Using the smooth dice function as proposed in the V-Net paper:
encoded for multiple classes in pytorch with a smooth added so that it is always divisable:
class DiceLoss(torch.nn.Module):
def __init__(self, smooth=1):
super(DiceLoss, self).__init__()
self.smooth = smooth
def forward(self, inputs, targets):
assert inputs.shape == targets.shape, f"Shapes don't match {inputs.shape} != {targets.shape}"
inputs = inputs[:,1:] # skip background class
targets = targets[:,1:] # skip background class
axes = tuple(range(2, len(inputs.shape))) # sum over elements per sample and per class
intersection = torch.sum(inputs * targets, axes)

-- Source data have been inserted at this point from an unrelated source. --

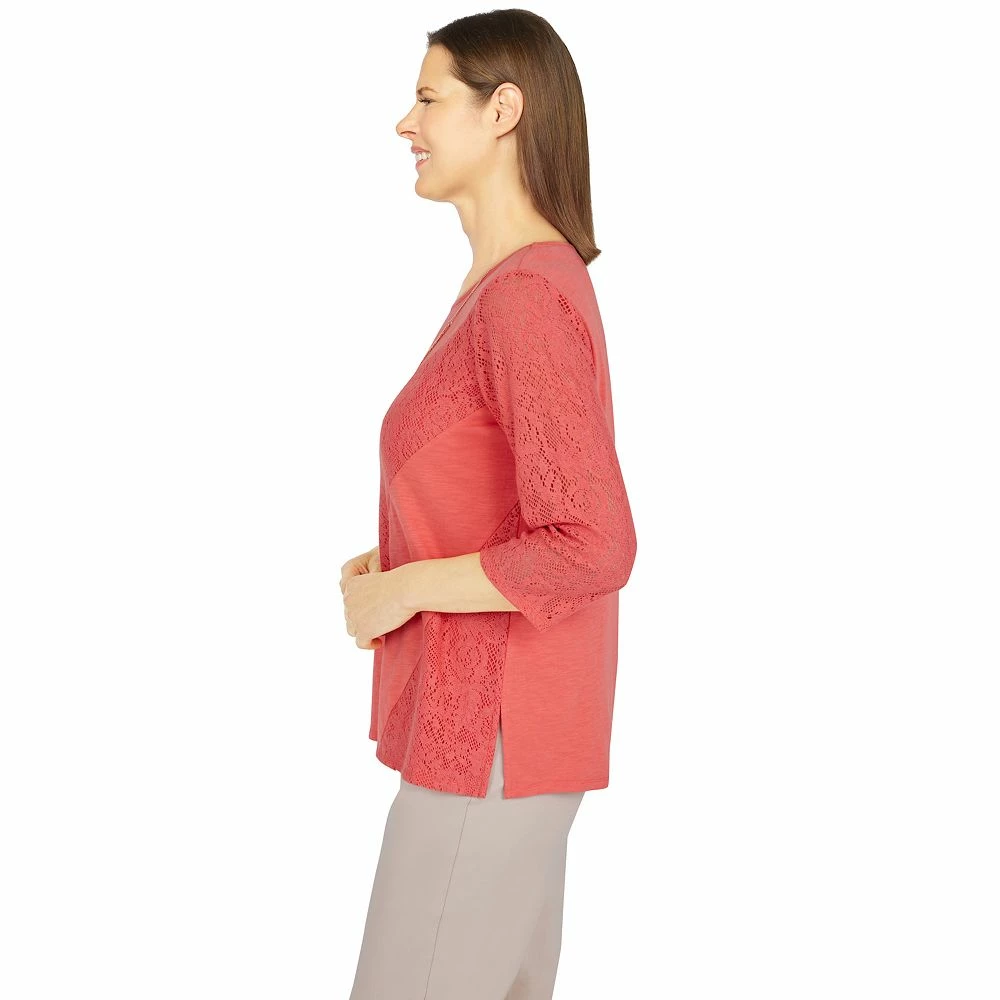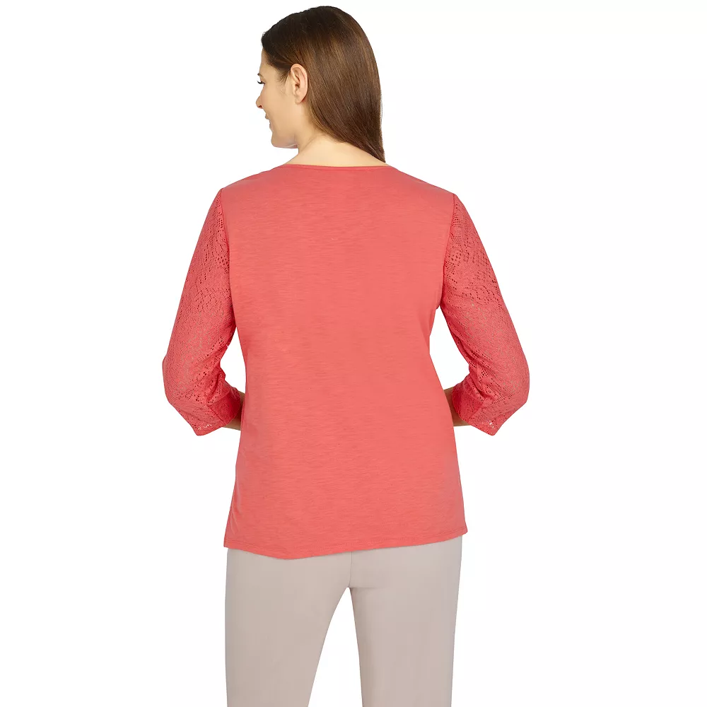 This women’s petite top from Alfred Dunner is spliced to perfection.
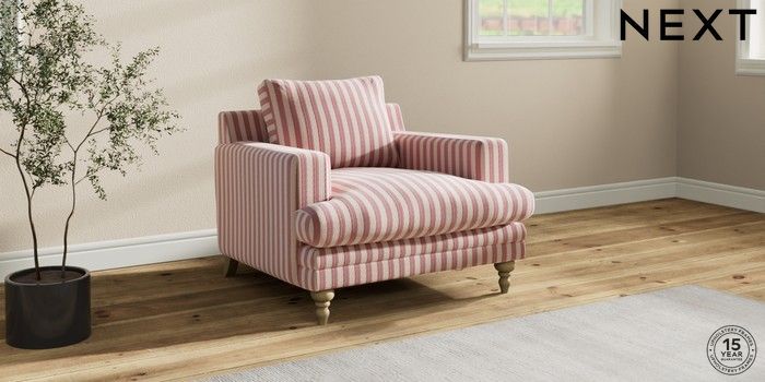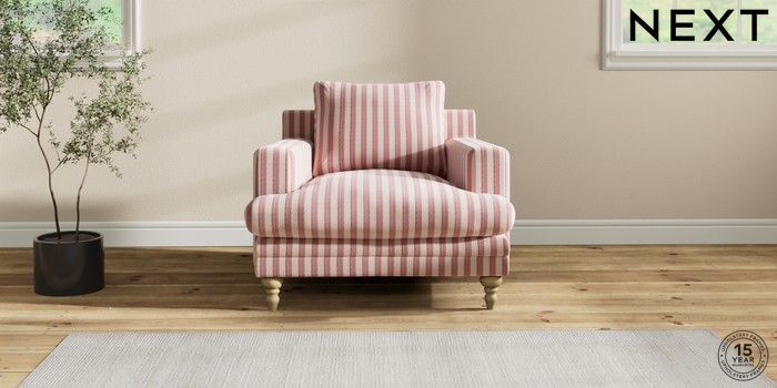 7.2.10 Hutton Deep Relaxed Sit Armchair Bold Chenille Stripe Dark Pink Country Turned - Light | Made Click here to use our website with more accessibility support, for example screen readers
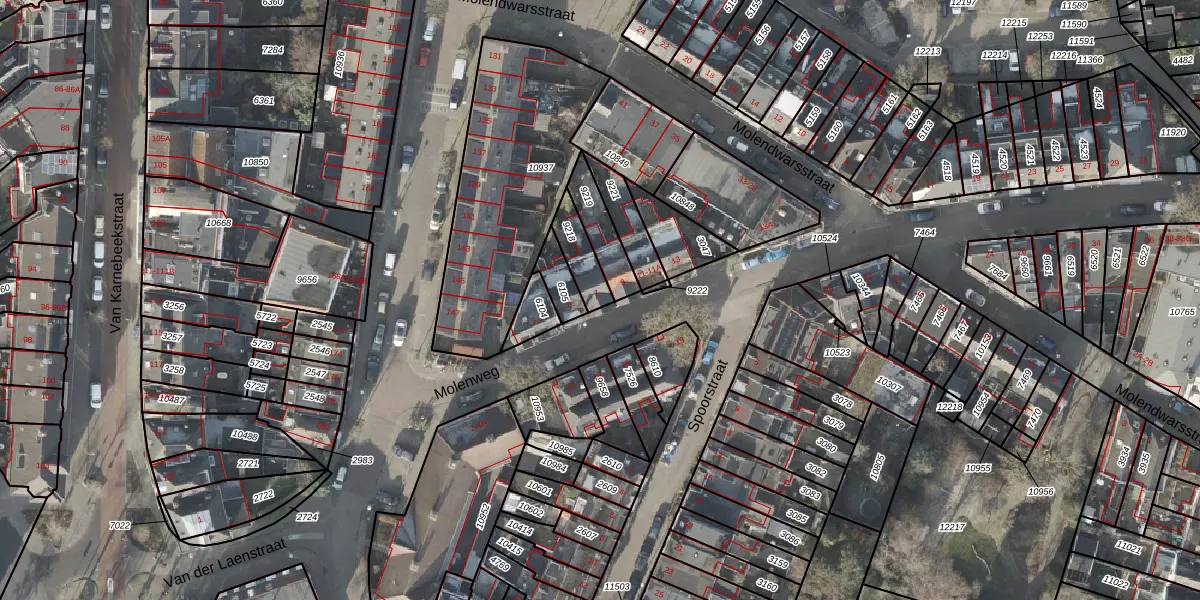 Gebruik de zoekbalk of klik op een perceel voor informatie over de adressen binnen dit perceel.
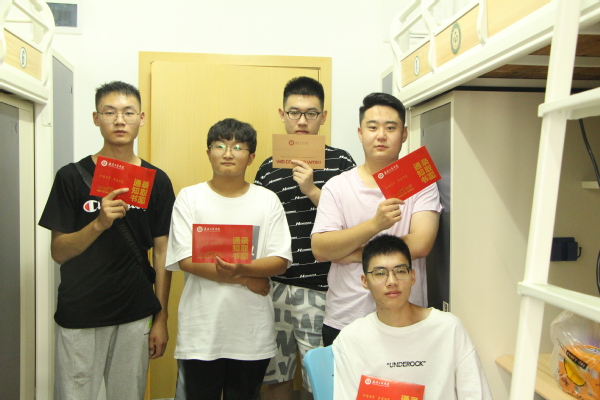 图为新生与室友们合影留念 摄影:王梓喆
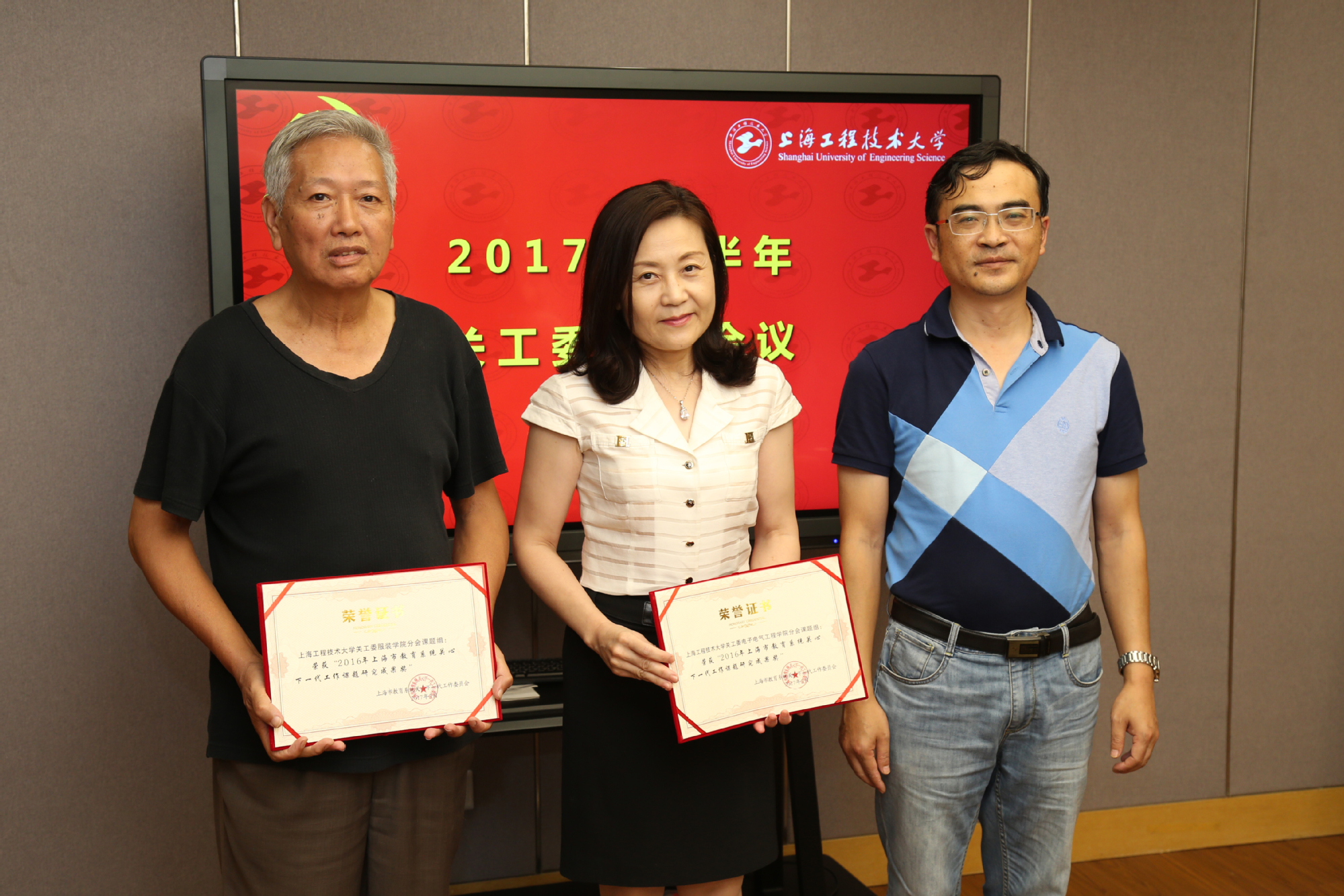 会上范永春副书记宣读了上海市教育系统关心下一代《关于授予2016年上海市教育系统关心下一代工作“课题研究成果奖”的决定》的通知,为我校获得关工委课题“成果奖”的服装学院关工委分会课题组和电子电气工程学院关工委分会颁发了证书。

addition = torch.sum(torch.square(inputs) + torch.square(targets), axes)
return 1 - torch.mean((2 * intersection + self.smooth) / (addition + self.smooth))
The target is volumetric sample patches of size 52^3 = 140.608. The samples are non overlapping from a volume with 97% background, 2% liver and 1% tumor. As a result most patches will be completely background. The dice loss is bound between 0 and 1.
Other questions set the smoothness to 1.0 or much lower 1e-7
Suppose a patch is fully background (as are most) and the prediction is 0.01 (=1%) liver and 0.01 tumor for all elements. Setting the smoothness to 1.0 will still result in
1 - (2 x 0 + 1) / (0 + 140.608 x 0.0001 + 1) = 0.9336
Close to the maximum loss even though the prediction is accurate.
This forces the network to decrease the likelihood of a liver or tumor to 0.001 or lower. What is the commonly used as a smoothness setting for the dice loss?